Busca oportunidades de autodescubrimiento. La gente suele descubrir que ha crecido en algún aspecto como resultado de una lucha. Por ejemplo, después de una tragedia o una dificultad, la gente ha informado de mejores relaciones y una mayor sensación de fuerza, incluso cuando se sienten vulnerables. Eso puede aumentar su sentido de autoestima y aumentar su apreciación de la vida.

Abrazar pensamientos saludables

Mantén las cosas en perspectiva. La forma en que piensas puede jugar un papel importante en cómo te sientes y en la resistencia que tienes ante los obstáculos. Intente identificar las áreas de pensamiento irracional, como la tendencia a catastróficar las dificultades o a suponer que el mundo está a su favor, y adopte un patrón de pensamiento más equilibrado y realista. Por ejemplo, si se siente abrumado por un desafío, recuerde que lo que le sucedió no es un indicador de cómo será su futuro, y que no está indefenso. Tal vez no puedas cambiar un evento altamente estresante, pero sí puedes cambiar la forma en que lo interpretas y respondes a él.

Acepta el cambio. Acepta que el cambio es parte de la vida. Es posible que ciertos objetivos o ideales ya no sean alcanzables como resultado de situaciones adversas en su vida. Aceptar las circunstancias que no pueden cambiarse puede ayudarle a centrarse en las circunstancias que puede alterar.

Mantén una perspectiva esperanzadora. Es difícil ser positivo cuando la vida no va por tu camino. Una perspectiva optimista le permite esperar que le sucedan cosas buenas. Intente visualizar lo que quiere, en lugar de preocuparse por lo que teme. A lo largo del camino, anote cualquier forma sutil en la que empiece a sentirse mejor al lidiar con situaciones difíciles.
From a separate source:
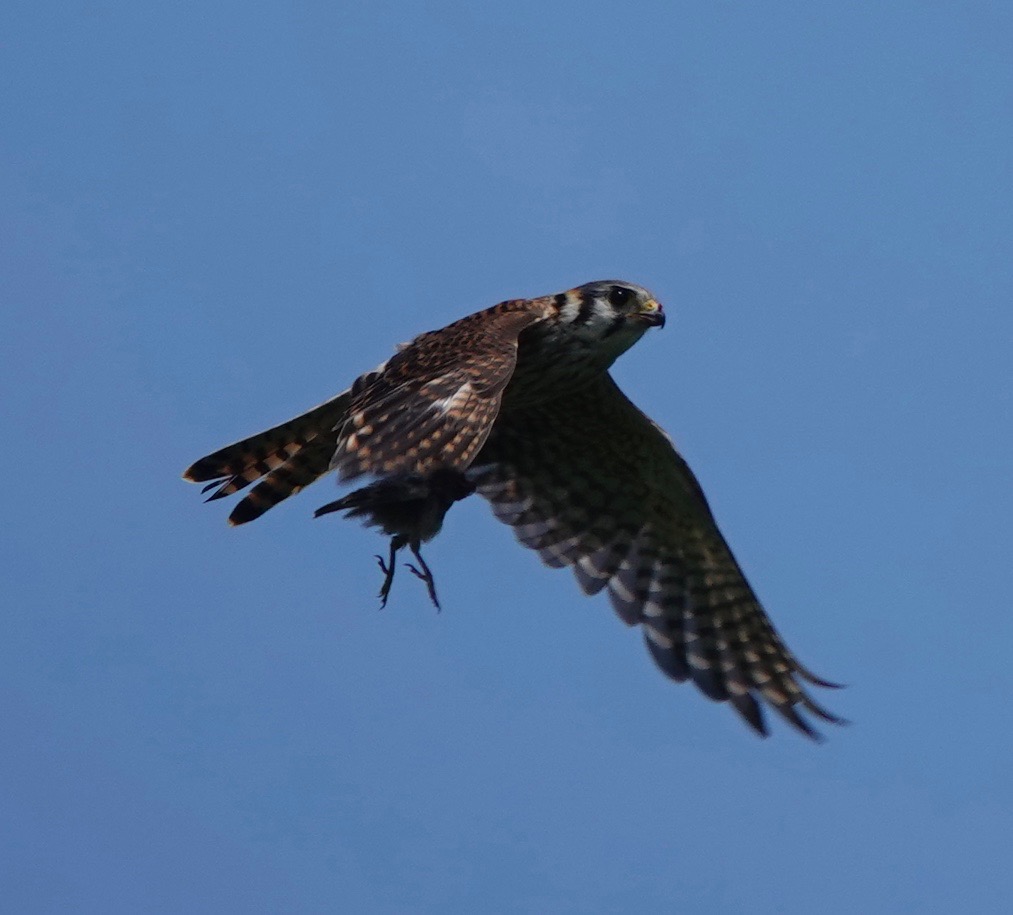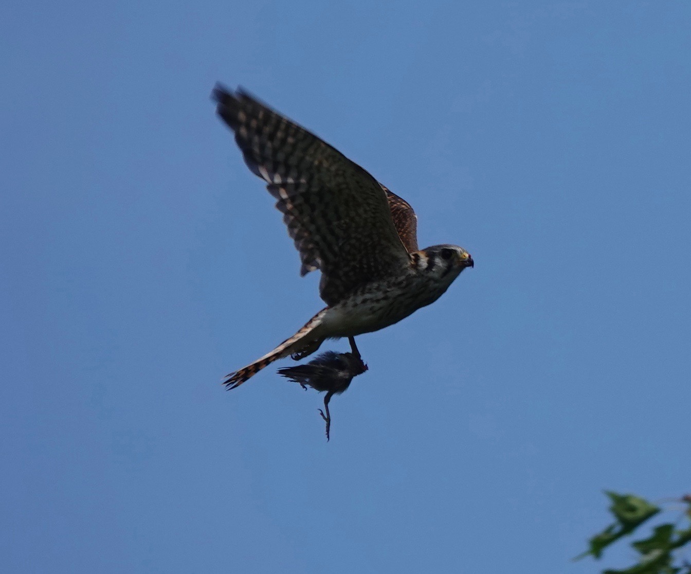 Here she is again, flying in some prey. She took it to the male fledgling tree and then flew off, I believe to encourage the young’uns to follow. They didn’t while I was there.

Aprende de tu pasado. Al mirar hacia atrás y ver quién o qué fue útil en momentos de angustia anteriores, puede descubrir cómo puede responder eficazmente a nuevas situaciones difíciles. Recuerde dónde ha podido encontrar fuerzas y pregúntese qué ha aprendido de esas experiencias.

Buscando ayuda

Obtener ayuda cuando la necesitas es crucial para construir tu resiliencia.
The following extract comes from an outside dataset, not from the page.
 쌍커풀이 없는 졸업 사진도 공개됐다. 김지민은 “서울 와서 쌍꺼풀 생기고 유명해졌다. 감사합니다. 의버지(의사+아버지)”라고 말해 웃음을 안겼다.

Para muchas personas, el uso de sus propios recursos y los tipos de estrategias mencionadas anteriormente pueden ser suficientes para construir su resiliencia. Pero a veces, un individuo puede atascarse o tener dificultades para avanzar en el camino hacia la resiliencia.

Un profesional de la salud mental, como un psicólogo, puede ayudar a las personas a desarrollar una estrategia adecuada para avanzar. Es importante obtener ayuda profesional si siente que no puede funcionar tan bien como le gustaría o realizar las actividades básicas de la vida diaria como resultado de una experiencia de vida traumática o de otro tipo de estrés. Tenga en cuenta que las diferentes personas tienden a sentirse cómodas con diferentes estilos de interacción. Para sacar el máximo provecho de su relación terapéutica, debe sentirse cómodo con un profesional de la salud mental o en un grupo de apoyo.
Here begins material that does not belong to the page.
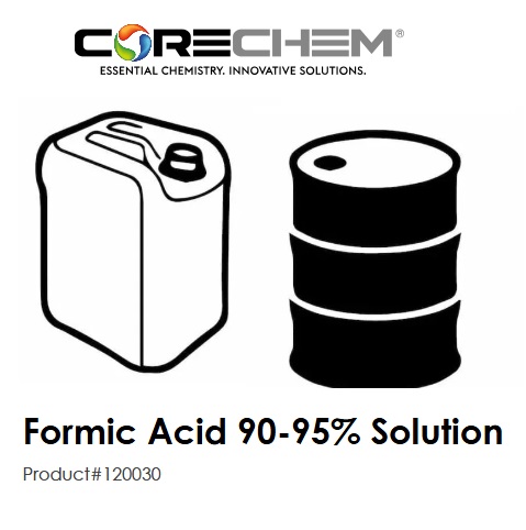CORECHEM is a supplier/distributor of Formic Acid in bulk. Formic Acid 90-95% Solution is available to buy in 5-gallon (50 lb) carboys and (approx) 15 and 55-gallon drums.

Lo importante es recordar que no estás solo en el viaje. Si bien es posible que no pueda controlar todas sus circunstancias, puede crecer concentrándose en los aspectos de los desafíos de la vida que puede manejar con el apoyo de sus seres queridos y de profesionales de confianza.

Fuente: Este artículo fue originalmente publicado en la web de la APA (American Psychological Association) y que he considerado muy útil por lo que he hecho una labor de traducción y pequeños ajustes para compartirla con el público hispanohablante.